Chiko juga mengaku menyimpan file video dalam Google Drive berjudul 'Skandal Smanse'. Dia menegaskan, semua isi file video tak senonoh itu bukan kejadian nyata, melainkan hasil editan dengan AI.
Ia berjanji tak akan mengulangi perbuatannya. "Saya menyadari bahwa perbuatan saya telah menimbulkan dampak negatif bagi SMA Negeri 11 Semarang," lanjut Chiko dalam video berdurasi sekitar dua menit itu.
Kepala SMA Negeri 11 Semarang, Tri Widiyastuti, belum merespons saat diminta tanggapan terkait kasus ini. Ia juga tidak menjelasan bagaimana kondisi siswa yang menjadi korban.
Pelaku Bisa Dipidana
Chiko sudah mengakui perbuatannya. Namun, apakah cukup hanya dengan minta maaf?
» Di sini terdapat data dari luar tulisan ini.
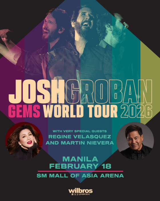 Tony, EMMY and five-time GRAMMY Award-nominated singer-songwriter Josh Groban brings his newest tour ‘GEMS WORLD TOUR’ to Manila and announces his very special guests ‘Asia’s Songbird’ Regine Velasquez and ‘Concert King’ Martin Nievera for a must-see Valentine’s week concert on February 18, 2026 at the SM Mall of Asia Arena. Presented by Wilbros Live.
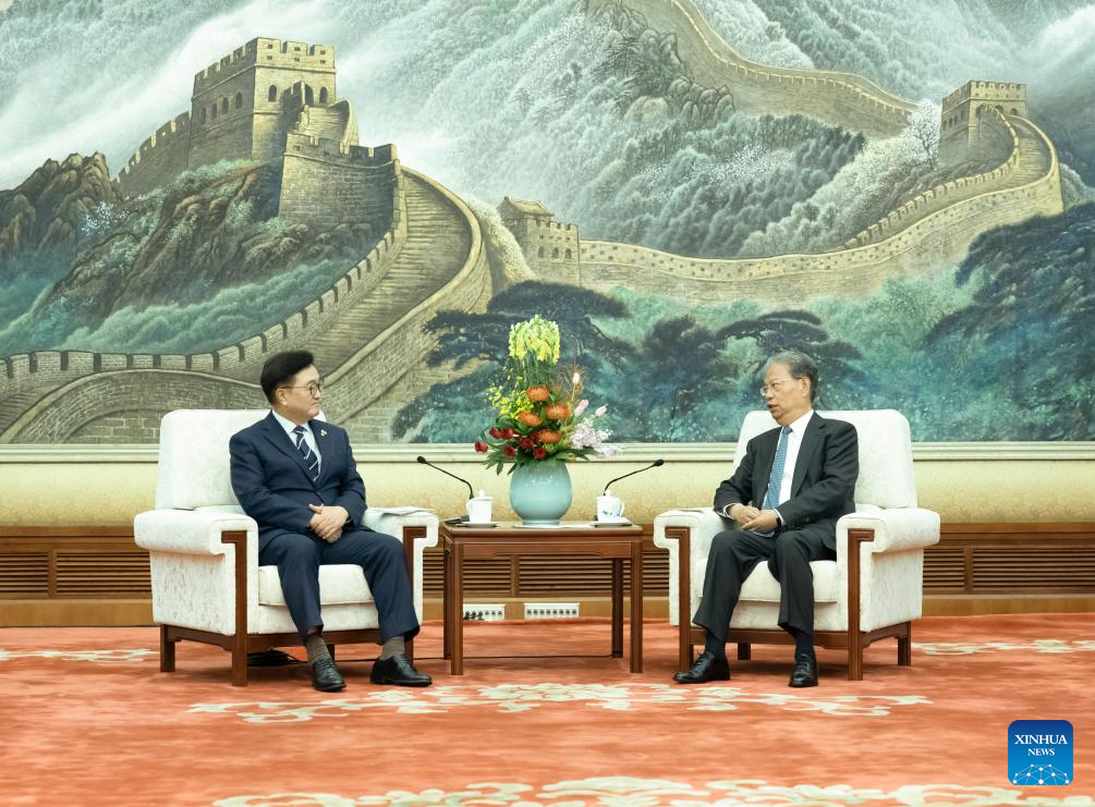 Beijing, 5 set (Xinhua) -- O mais alto legislador da China, Zhao Leji, reuniu-se em Beijing nesta quinta-feira com o presidente da Sérvia, Aleksandar Vucic, com o presidente do Vietnã, Luong Cuong, e com o presidente da Assembleia Nacional da Coreia do Sul, Woo Won-shik, respectivamente.
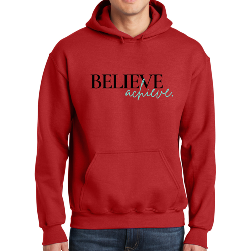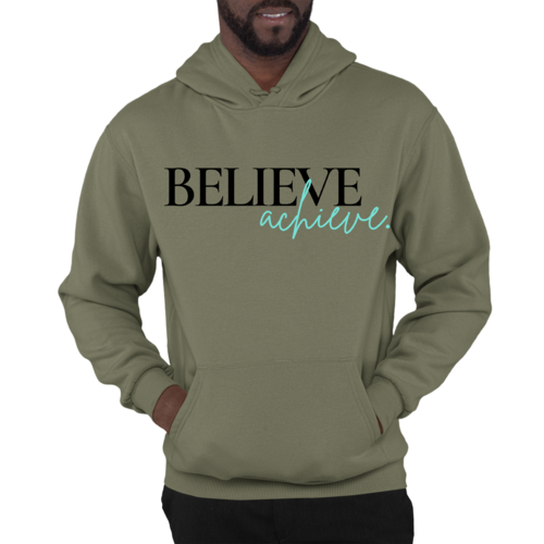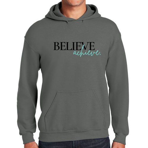 The standout feature of this hoodie is its inspirational graphic that reads 'Believe and Achieve'. This motivational message serves as a daily reminder to pursue your goals and dreams. The bold design is not only eye-catching but also resonates with individuals who value positivity and self-improvement. Wear it proudly and inspire those around you!

Aktivis Legal Resources Center untuk Keadilan Jender dan Hak Asasi Manusia (LRC-KJHAM) menyebut kasus ini bisa masuk ranah pidana.
Menurut Citra Ayu Kurniawati dari LRC-KJHAM, memanipulasi foto orang lain menjadi konten cabul dan diunggah di media sosial termasuk kasus kekerasan seksual berbasis elektronik.
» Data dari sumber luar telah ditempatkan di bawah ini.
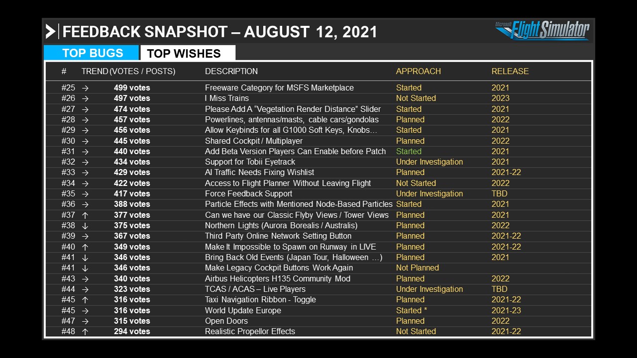 - 35 aircraft (+0) have been released in the in-sim marketplace.
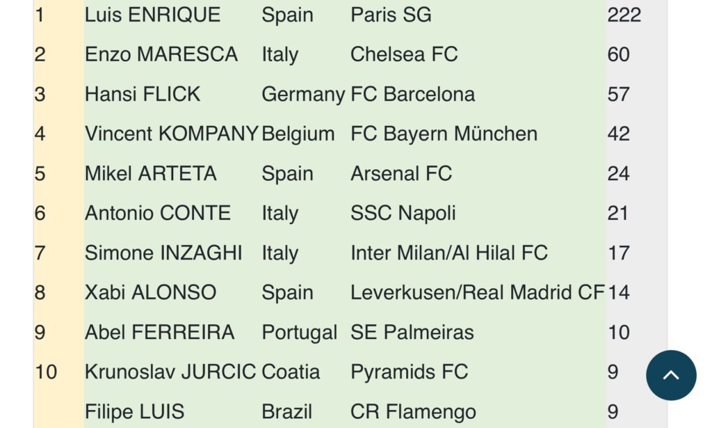 Tras él, Enzo Maresca, Hansi Flick, Vincent Kompany y Mikel Arteta hicieron grandes cosas en 2025 para unirse al Top 5 del Mundo.

"Itu bisa pidana karena masuk pelanggaran UU ITE dan UU TPKS," ucap Citra saat dikonfirmasi, Kamis (16/10/2025).
Ia menilai, kasus kekerasan seksual tidak bisa diselesaikan di luar hukum dengan meminta maaf. Namun, pidananya harus menunggu korban melapor karena kasus ini merupakan delik aduan.
Citra mendorong korban berani bersuara dan melapor. Menurutnya, para korban berhak mendapatkan perlindungan dan pemulihan akibat dari kasus ini.